Cultural diversity accordingly becomes a key instrument for the effective exercise of universal human rights and for the renewal of strategies aimed at strengthening social cohesion through the development of new and more participatory forms of governance.

I'm back!

Ok, today is really like the first day of my PhD. I finished (or at least I hope so!) the book, set up the exchanges and am finally sitting down to read. As I went through my emails today to do a bit of cleaning up, I found two messages colleagues had sent me about culture - the Global People project (Helen Spencer-Oatey) and the Unesco report on cultural diversity.

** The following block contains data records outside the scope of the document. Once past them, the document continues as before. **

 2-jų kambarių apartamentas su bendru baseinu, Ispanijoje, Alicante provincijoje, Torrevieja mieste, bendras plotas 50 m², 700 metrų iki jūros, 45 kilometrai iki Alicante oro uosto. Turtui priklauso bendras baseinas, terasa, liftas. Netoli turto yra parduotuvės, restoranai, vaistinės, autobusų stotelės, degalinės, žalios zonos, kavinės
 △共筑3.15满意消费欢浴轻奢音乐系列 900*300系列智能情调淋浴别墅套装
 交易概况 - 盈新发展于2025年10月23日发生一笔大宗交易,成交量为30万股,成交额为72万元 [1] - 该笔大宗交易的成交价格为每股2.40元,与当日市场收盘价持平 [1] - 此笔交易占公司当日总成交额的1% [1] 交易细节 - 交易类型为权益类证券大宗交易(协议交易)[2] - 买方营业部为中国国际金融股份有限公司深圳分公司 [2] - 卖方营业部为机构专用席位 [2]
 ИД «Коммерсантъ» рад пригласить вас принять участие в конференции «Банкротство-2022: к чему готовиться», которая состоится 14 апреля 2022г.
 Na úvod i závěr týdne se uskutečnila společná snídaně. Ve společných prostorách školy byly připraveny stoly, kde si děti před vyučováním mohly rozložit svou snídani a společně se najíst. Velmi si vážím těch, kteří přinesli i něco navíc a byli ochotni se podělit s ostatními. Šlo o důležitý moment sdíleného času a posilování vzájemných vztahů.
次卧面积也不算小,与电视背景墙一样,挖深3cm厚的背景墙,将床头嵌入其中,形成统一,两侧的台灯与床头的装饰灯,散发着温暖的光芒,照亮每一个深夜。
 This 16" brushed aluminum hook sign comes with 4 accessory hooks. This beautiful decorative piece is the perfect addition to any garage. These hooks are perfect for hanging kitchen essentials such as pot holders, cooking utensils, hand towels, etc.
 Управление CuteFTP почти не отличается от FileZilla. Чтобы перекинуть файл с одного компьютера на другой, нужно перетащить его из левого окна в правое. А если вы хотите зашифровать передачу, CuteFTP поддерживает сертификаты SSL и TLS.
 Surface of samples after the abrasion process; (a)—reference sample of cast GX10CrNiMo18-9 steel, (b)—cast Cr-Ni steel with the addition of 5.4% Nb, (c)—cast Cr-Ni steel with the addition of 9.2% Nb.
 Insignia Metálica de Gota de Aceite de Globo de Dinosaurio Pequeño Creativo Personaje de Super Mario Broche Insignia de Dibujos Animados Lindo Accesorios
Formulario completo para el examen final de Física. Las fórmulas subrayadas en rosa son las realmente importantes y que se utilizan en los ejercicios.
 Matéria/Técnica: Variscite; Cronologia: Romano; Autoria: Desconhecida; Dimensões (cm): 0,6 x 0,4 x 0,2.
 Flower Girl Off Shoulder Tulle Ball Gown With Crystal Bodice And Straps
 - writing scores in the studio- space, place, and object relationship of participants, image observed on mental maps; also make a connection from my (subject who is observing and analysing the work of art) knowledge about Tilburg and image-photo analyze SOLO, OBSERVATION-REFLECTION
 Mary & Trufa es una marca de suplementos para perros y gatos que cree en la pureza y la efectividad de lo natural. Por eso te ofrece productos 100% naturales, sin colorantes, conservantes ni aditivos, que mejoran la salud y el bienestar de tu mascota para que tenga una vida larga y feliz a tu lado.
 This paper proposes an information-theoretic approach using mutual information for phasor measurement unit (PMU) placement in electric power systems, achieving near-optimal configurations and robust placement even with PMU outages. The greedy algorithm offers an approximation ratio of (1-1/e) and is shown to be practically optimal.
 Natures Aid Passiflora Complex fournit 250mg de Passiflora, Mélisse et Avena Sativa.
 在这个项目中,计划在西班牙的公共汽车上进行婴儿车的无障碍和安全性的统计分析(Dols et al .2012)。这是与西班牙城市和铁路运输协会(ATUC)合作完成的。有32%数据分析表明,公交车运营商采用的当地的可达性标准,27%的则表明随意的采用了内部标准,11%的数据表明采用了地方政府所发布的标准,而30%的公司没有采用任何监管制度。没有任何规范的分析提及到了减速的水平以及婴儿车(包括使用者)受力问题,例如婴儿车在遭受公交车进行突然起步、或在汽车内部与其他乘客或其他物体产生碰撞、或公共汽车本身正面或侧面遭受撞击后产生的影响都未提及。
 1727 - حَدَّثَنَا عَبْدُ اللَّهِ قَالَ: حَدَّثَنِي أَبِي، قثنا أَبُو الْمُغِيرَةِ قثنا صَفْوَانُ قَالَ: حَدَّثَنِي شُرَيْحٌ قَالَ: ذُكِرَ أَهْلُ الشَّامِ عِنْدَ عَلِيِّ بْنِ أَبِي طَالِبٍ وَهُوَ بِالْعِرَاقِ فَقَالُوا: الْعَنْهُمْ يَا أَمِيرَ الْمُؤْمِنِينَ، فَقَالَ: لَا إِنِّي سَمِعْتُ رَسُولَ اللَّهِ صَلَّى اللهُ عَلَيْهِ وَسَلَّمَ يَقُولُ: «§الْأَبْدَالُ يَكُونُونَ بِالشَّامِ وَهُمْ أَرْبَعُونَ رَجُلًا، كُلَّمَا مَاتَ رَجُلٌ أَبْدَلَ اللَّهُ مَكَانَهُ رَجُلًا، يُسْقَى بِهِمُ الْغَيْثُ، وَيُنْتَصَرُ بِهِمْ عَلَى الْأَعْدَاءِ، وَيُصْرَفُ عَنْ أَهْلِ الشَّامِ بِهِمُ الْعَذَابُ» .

As usual, I'm lost as where to start so I'm starting here. The idea is that if I'm going to argue anything about telecollaboration, I have to be more familiar as to it's value from the three points of view - linguistic, cultural and literacies. It's reassuring that the Unesco report highlights the importance of language and modes of communication in describing cultural diversity. I'm going to try using Diigo to send a few quotes to this blog - let's see if it works. Then, of course, in the afternoon, a half hour of German?